A framework for guaranteeing fairness in digital markets and dealing with abusive habits online is brewing in Europe, fed by an assortment of concepts and problems, from online safety and the spread of disinformation, to platform accountability, information mobility and the fair performance of digital markets.

European Commission legislators are even turning their eye to labor rights, stimulated by regional issue over unjust conditions for platform employees.

On the content side, the core concern is how to stabilize private liberty of expression online against hazards to public discourse, security and democracy from unlawful or junk material that can be deployed inexpensively, anonymously and at huge scale to contaminate genuine public dispute.

The olden conviction that the treatment for bad speech is more speech can stumble in the face of such scale. While harmful or prohibited material can be a cash spinner, outrage-driven engagement is an economic reward that typically gets neglected or modified out of this policy dispute.

Certainly the platform giants– whose organisation designs depend upon background data-mining of internet users in order to configure their behavioral and content-sorting ad-targeting (activity that, notably, remains under regulatory analysis in relation to EU information security law)– choose to frame what’s at stake as a matter of free speech, instead of bad business models.

With EU legislators opening a wide-ranging assessment about the future of digital policy, there’s an opportunity for wider viewpoints on platform power to form the next years online, and a lot more besides.

Searching for cutting-edge standards

For the previous 20 years, the EU’s legal structure for regulating digital services has actually been the e-commerce Regulation– a cornerstone law that bakes and harmonizes fundamental concepts in liabilities exemptions, greasing the groove of cross-border e-commerce.

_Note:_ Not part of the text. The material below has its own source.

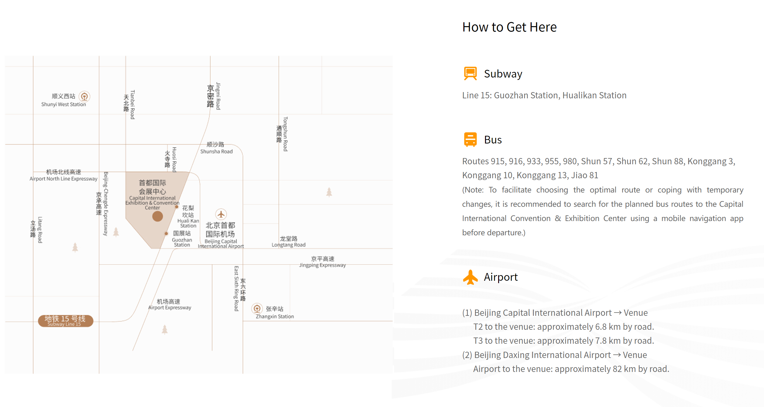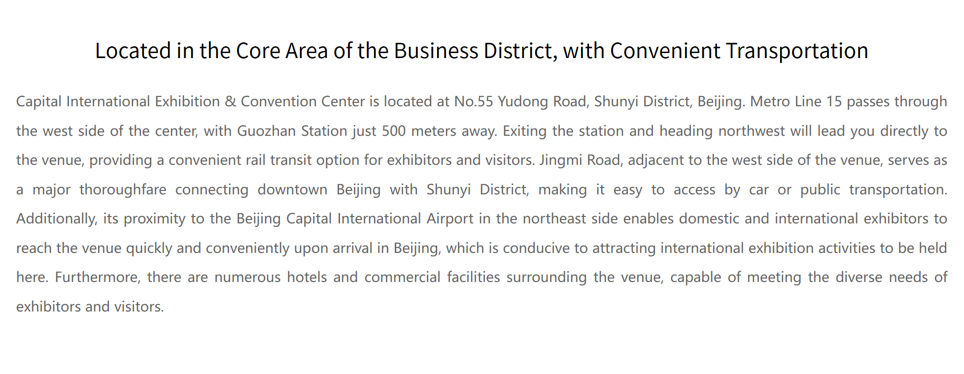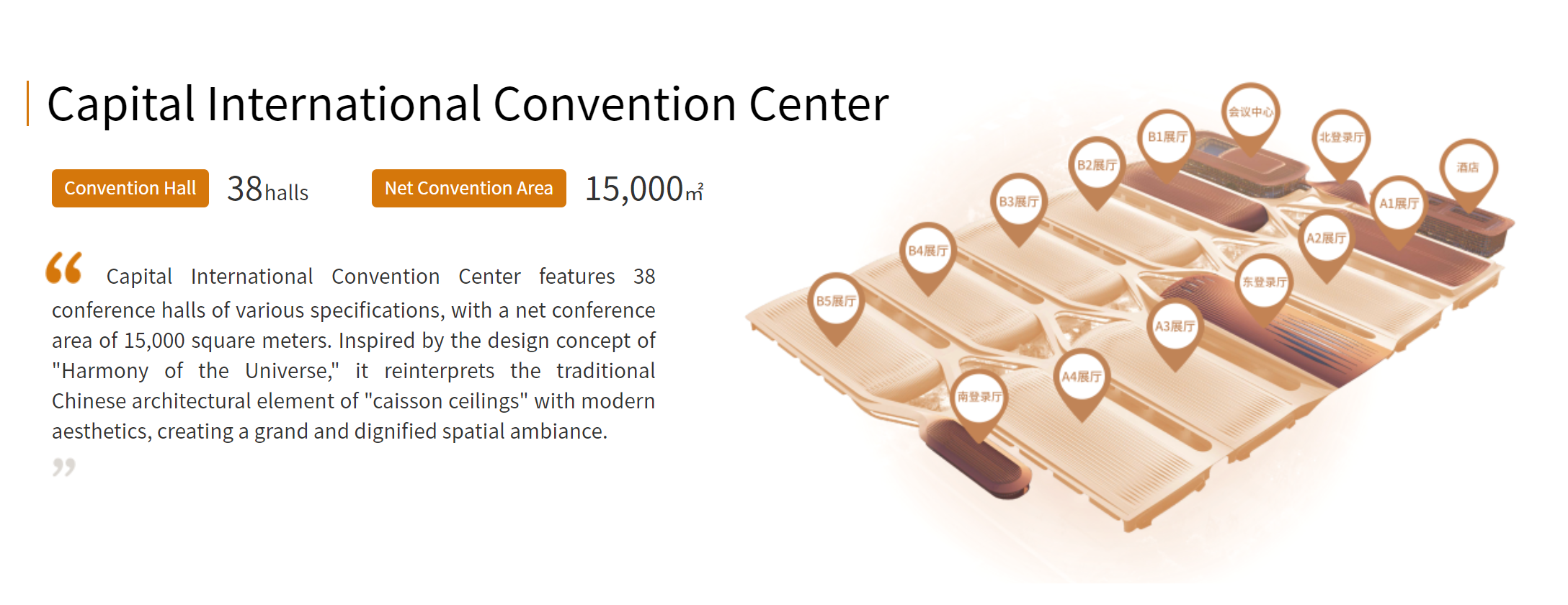 Capital International Exhibition & Convention Center (CIECC), entrusted for operation by Beijing Capital Group Exhibitions & Events, a subsidiary of North Star Group, has deepened its cooperation with the GL Events Group from France to jointly establish an international and professional management team. Located at No.55 Yu Dong Road, Shunyi District, Beijing, the venue covers a total construction area of 611,000 square meters and comprises three parts: an exhibition center, a convention center, and supporting hotels. The overall design of the venue is inspired by the "Purple Silk Ribbon," featuring a fishbone layout that symbolizes the joint construction of the "Belt and Road" and expresses the interconnectedness between China and the world. As a significant platform for Beijing's service expansion and opening up, Capital International Exhibition & Convention Center is poised to become the primary host for large-scale exhibition events in the capital. It provides hardware support to attract more high-level international events to be held in Beijing, promote the high-quality development of Beijing's exhibition industry, and realize the "stimulating" effect of exhibition activities on the socio-economy.

Over the last few years, the Commission has actually supplemented this by applying pressure on huge platforms to self-regulate specific types of content, through a voluntary Standard procedure on prohibited hate speech takedowns— and another ondisinformation. The codes do not have legal bite and legislators continue to chastise platforms for not doing enough– nor being transparent enough about what they are doing.

Article curated by RJ Shara from Source. RJ Shara is a Bay Area Radio Host (Radio Jockey) who talks about the startup ecosystem – entrepreneurs, investments, policies and more on her show The Silicon Dreams. The show streams on Radio Zindagi 1170AM on Mondays from 3.30 PM to 4 PM.